The local cryptocurrency platform Philippine Digital Asset Exchange (PDAX) is expressing optimism about the expansion of its business, seizing a promising opportunity following the Securities and Exchange Commission’s intentions to obstruct the operations of the digital currency exchange behemoth, Binance, within the Philippines.
PDAX perceives the regulatory landscape as a catalyst for its growth, capitalizing on the vacuum created by potential restrictions on Binance, a move that could redirect the attention and transactions of the cryptocurrency community toward PDAX’s platform.
PDAX Seizes Crypto Opportunity Amidst Regulatory Shifts
The envisioned market dynamics indicate a favorable environment for PDAX to establish itself as a key player in the local digital currency exchange space, further solidifying its position amidst evolving regulatory developments.
In accordance with Republic Act No. 8799, often known as the Securities Regulation Code, or SRC, Binance is not permitted to sell or offer securities to the public in the Philippines, the SEC confirmed in late November.
In order to prevent access to Binance in the Philippines, the SEC requested that the Department of Information and Communications Technology and the National Telecommunication Commission take action.
Regarding the regulatory framework for cryptocurrency in the country, PDAX CEO Nichel Gaba mentioned that the country’s central bank, the Bangko Sentral ng Pilipinas, continues to be in favor of various forms of financial innovation.
As of today, the market cap of cryptocurrencies stood at $1.56 trillion.

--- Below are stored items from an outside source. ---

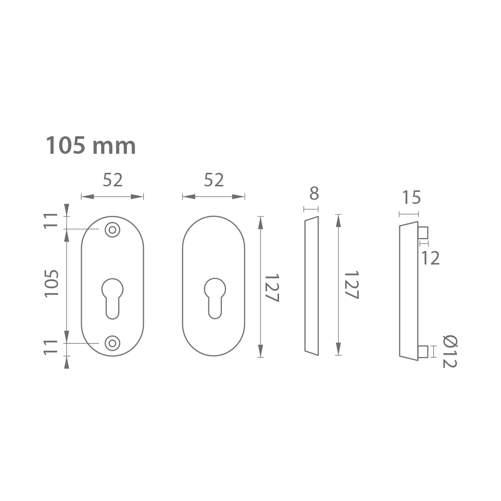 Zusätzliche Rosette mit PZ -Einsatzloch mit 105 mm Schraublochabstand hat eine Gesamtlänge von 127 mm und eine Dicke von 15 mm.
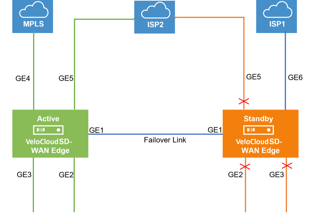 - The Standby SD-WAN Edge does not interfere with any traffic by blocking all of its ports except the failover link (L1 port).
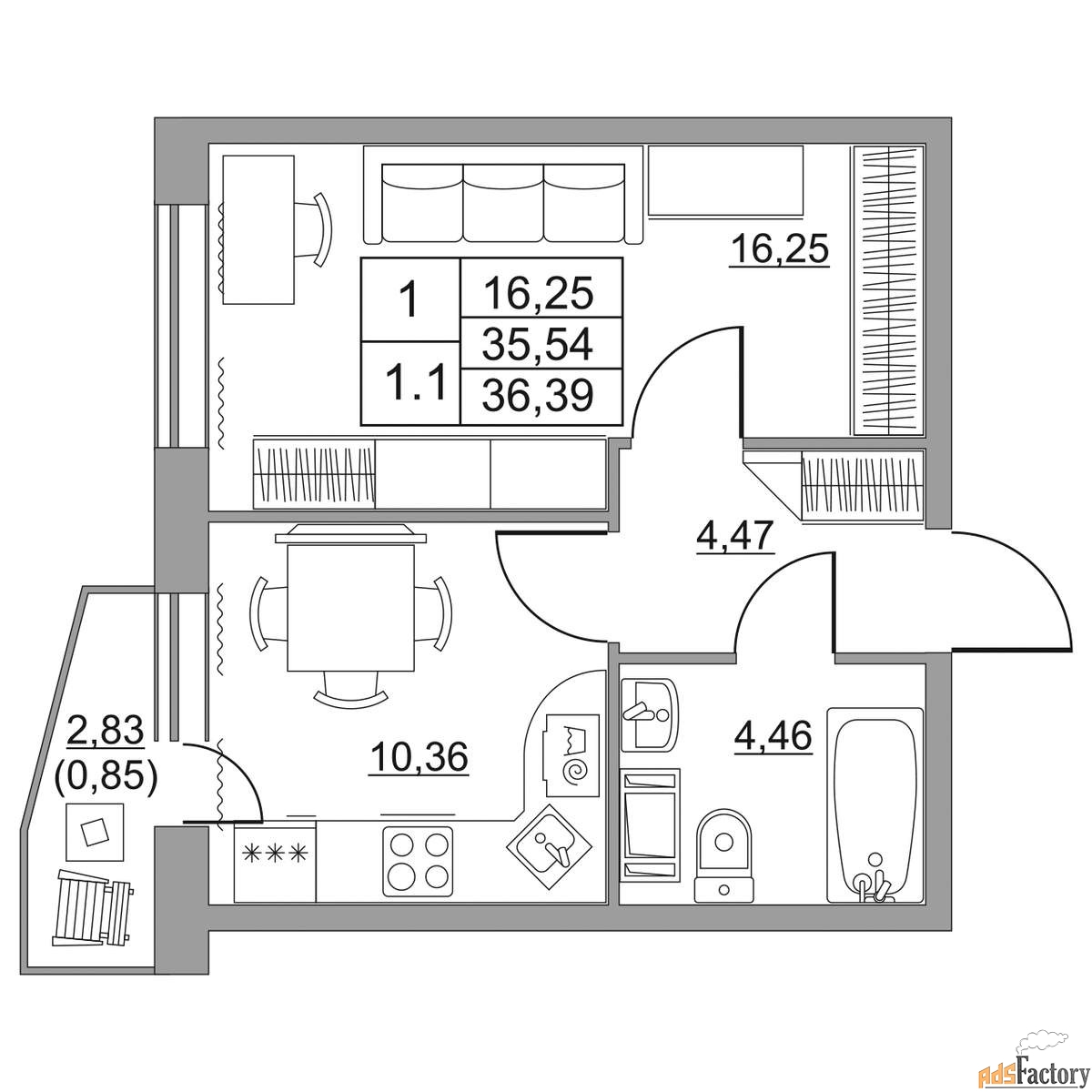 | Общая площадь (кв.м) | 35.3 |
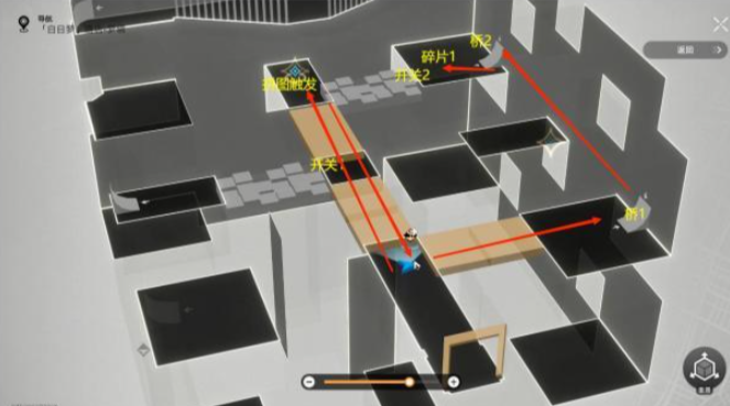 2.进入拼图界面,到达图标所示位置中间即可获得梦想泡泡,按开关1前往1号桥打开第一个宝箱;

Chart: TradingView.com
According to him, there has been a notable enhancement in the supervisory capabilities of the central bank this year. He emphasized that the current regulatory requirements are considerably more intricate compared to previous standards.
“This year, they really improved their supervisory capabilities […] the requirements are much more complex than it was,” Gaba said.
PDAX Poised To Capitalize On Binance Ban
A ban on Binance, according to Gaba, will force thousands of Filipinos to look for other legal avenues to exchange their digital assets, such as Bitcoin. PDAX aims to attract a portion of these disgruntled merchants who might first be hesitant to transact on a local platform.
Similarly, Gaba thinks that the large-scale departure of Binance traders will increase the amount of cryptocurrency traded in the Philippines to $6 billion by 2024.
Investors in the Philippines who have assets on Binance will have three months from the date of the advisory’s issue to withdraw their funds before the ban takes effect.
PDAX previously stated that cryptocurrency is gaining popularity in the Philippines and is gradually becoming widely accepted.
Nevertheless, like other forms of trade, the cryptocurrency market has had a period of decline since then, which was exacerbated by the challenges encountered by Binance, the world’s largest cryptocurrency exchange.